The limit tends to $1^\infty$, which is indeterminate. I've tried several things and I couldn't solve it.

-
A function can tend to some value but the limit never tends, it either is or is not. – lhf Jan 13 '12 at 12:28
@ljf +1, although I couldn't keep from hearing your comment in Yoda's voice, as in, "Do or not do.
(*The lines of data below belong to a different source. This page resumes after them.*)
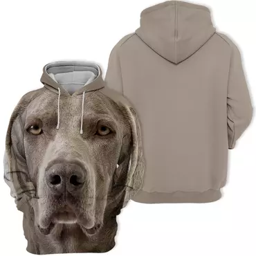 Features a captivating, **high-definition Weimaraner** across the entire hoodie.
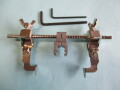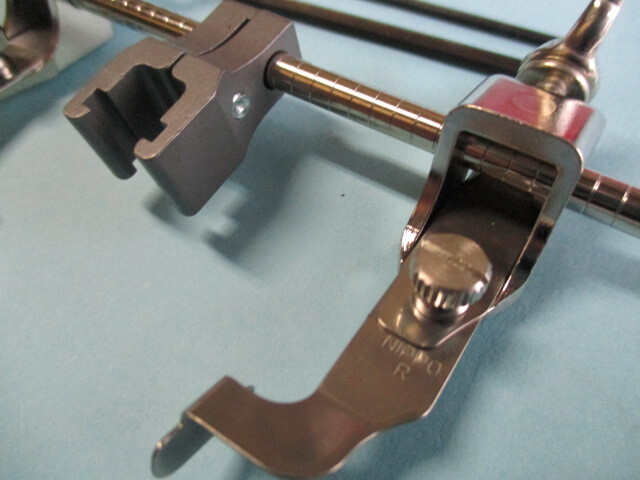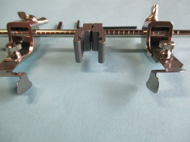 工業用の1本針千鳥ミシン及び本縫い2本針ミシンで使用しますステッチ定規です。 ●下図の図面のように平たい押え金で使用する2本針ミシン・千鳥ミシン専用のステッチ定規です。 ●向かって左右に定規がきます。 ●他のミシンでは使用できませんのでご注意ください。
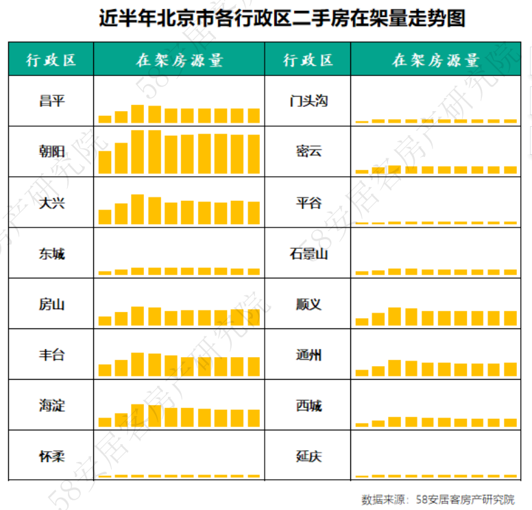 从各行政区的二手房在架时长走势来看,密云、房山和顺义三个行政区的二手房挂牌时长出现回落,其他各行政区都出现了不同程度的上涨。
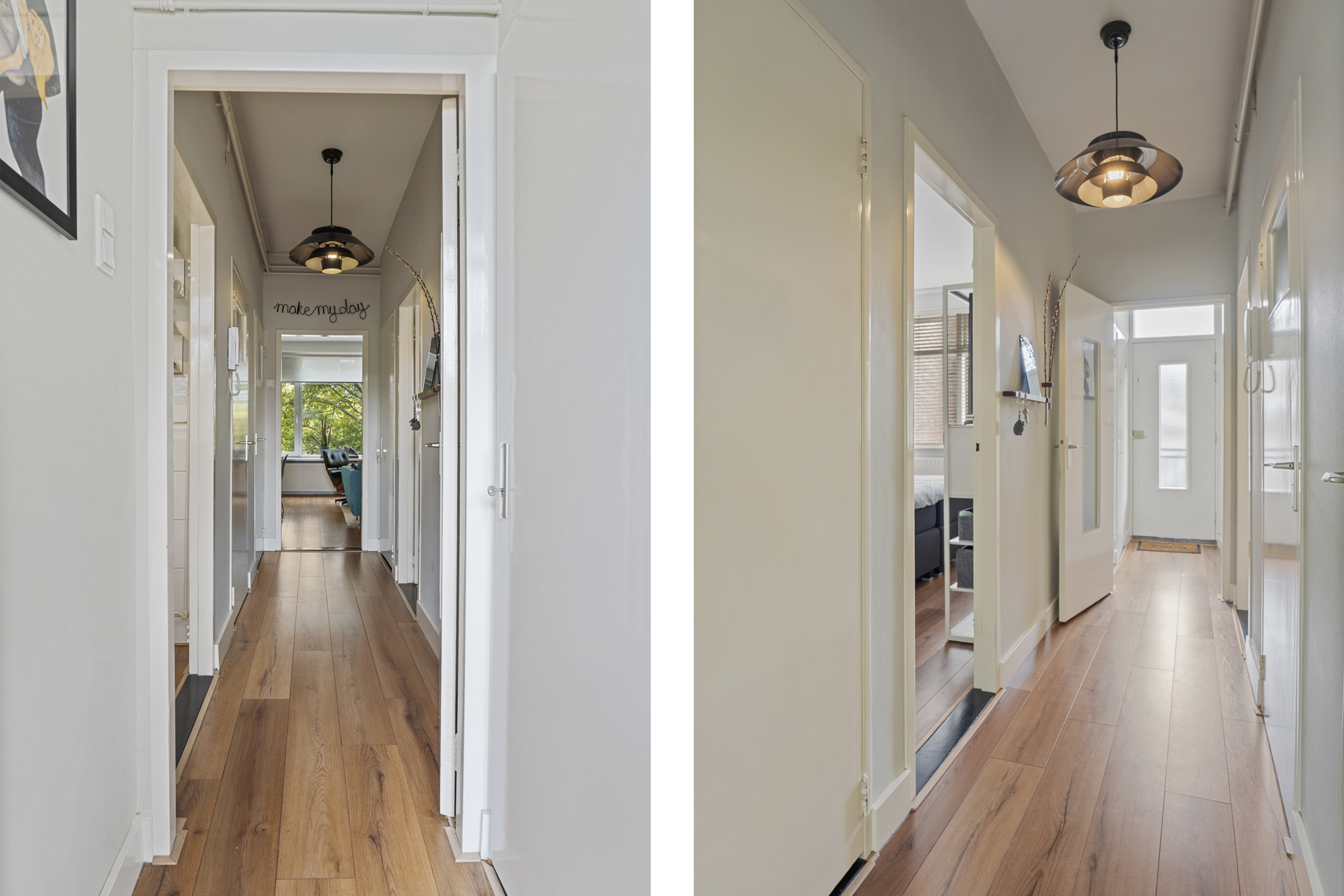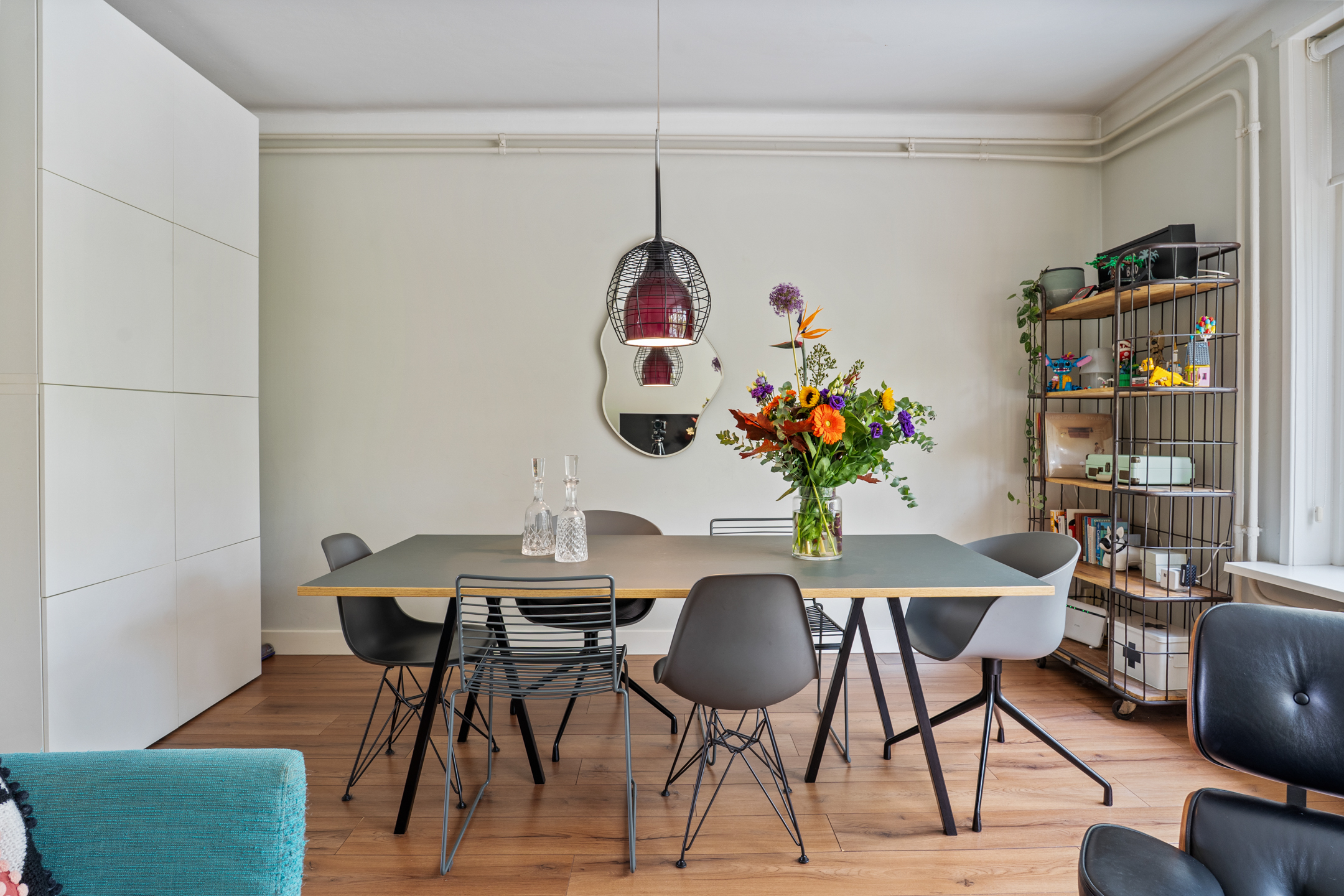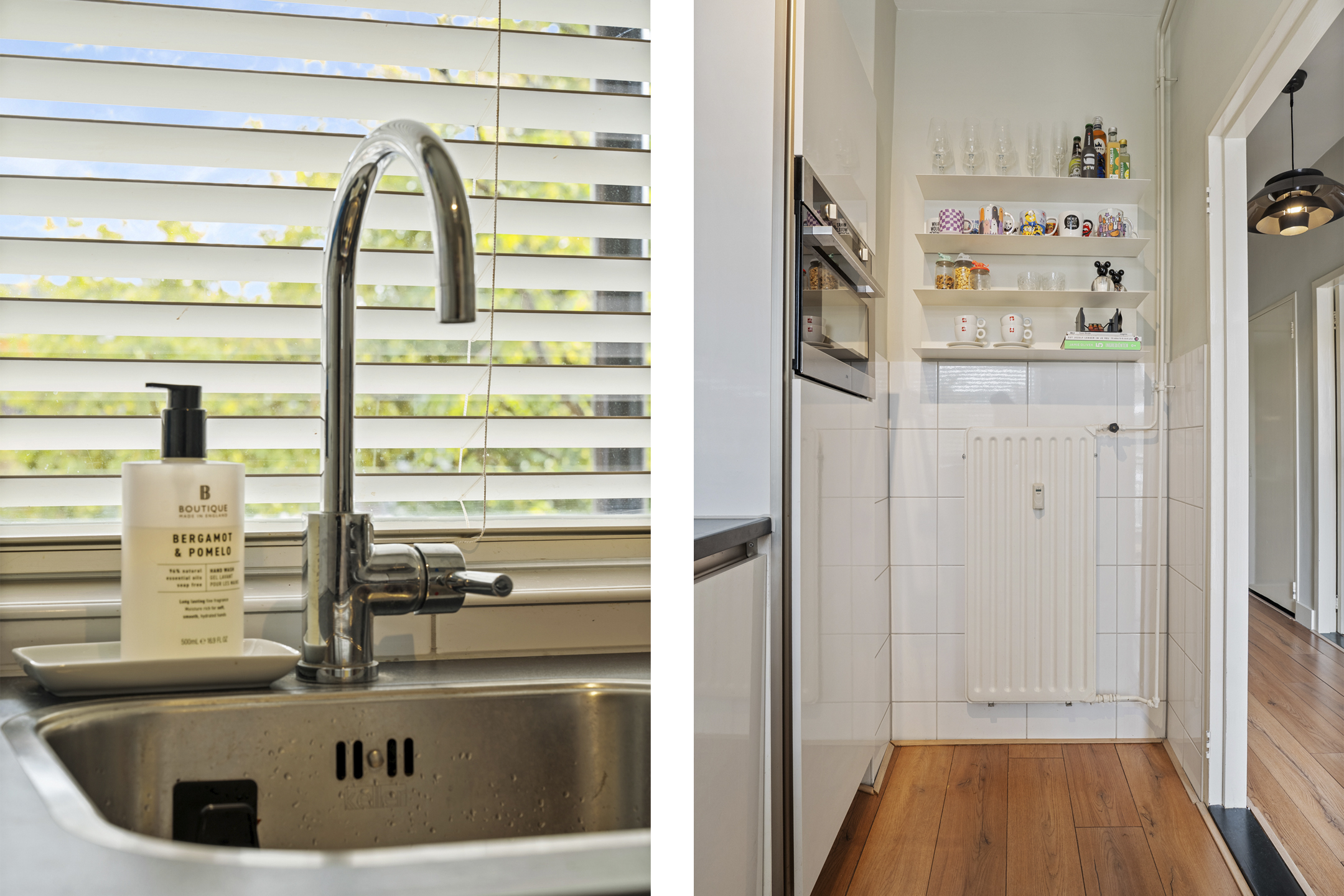 De nette laminaatvloer en strakke wanden zorgen voor een moderne, frisse uitstraling. Vanuit de woonkamer heb je toegang tot het zonnige balkon op het zuidwesten — een fijne plek om in de middag en avond te ontspannen in de zon.

There is no try." – Rick Decker Jun 8 '12 at 1:22

Note that $$\tag{1}\lim_{x\rightarrow\infty}\left(\frac{1+\tan(1/x)}{1-\tan(1/x)}\right)^x=\lim_{x\rightarrow\infty}e^{\displaystyle x\ln\left(\frac{1+\tan(1/x)}{1-\tan(1/x)}\right)}=e^{\displaystyle\lim_{x\rightarrow\infty}x\ln\left(\frac{1+\tan(1/x)}{1-\tan(1/x)}\right)}$$ since $e^x$ is a continuous function.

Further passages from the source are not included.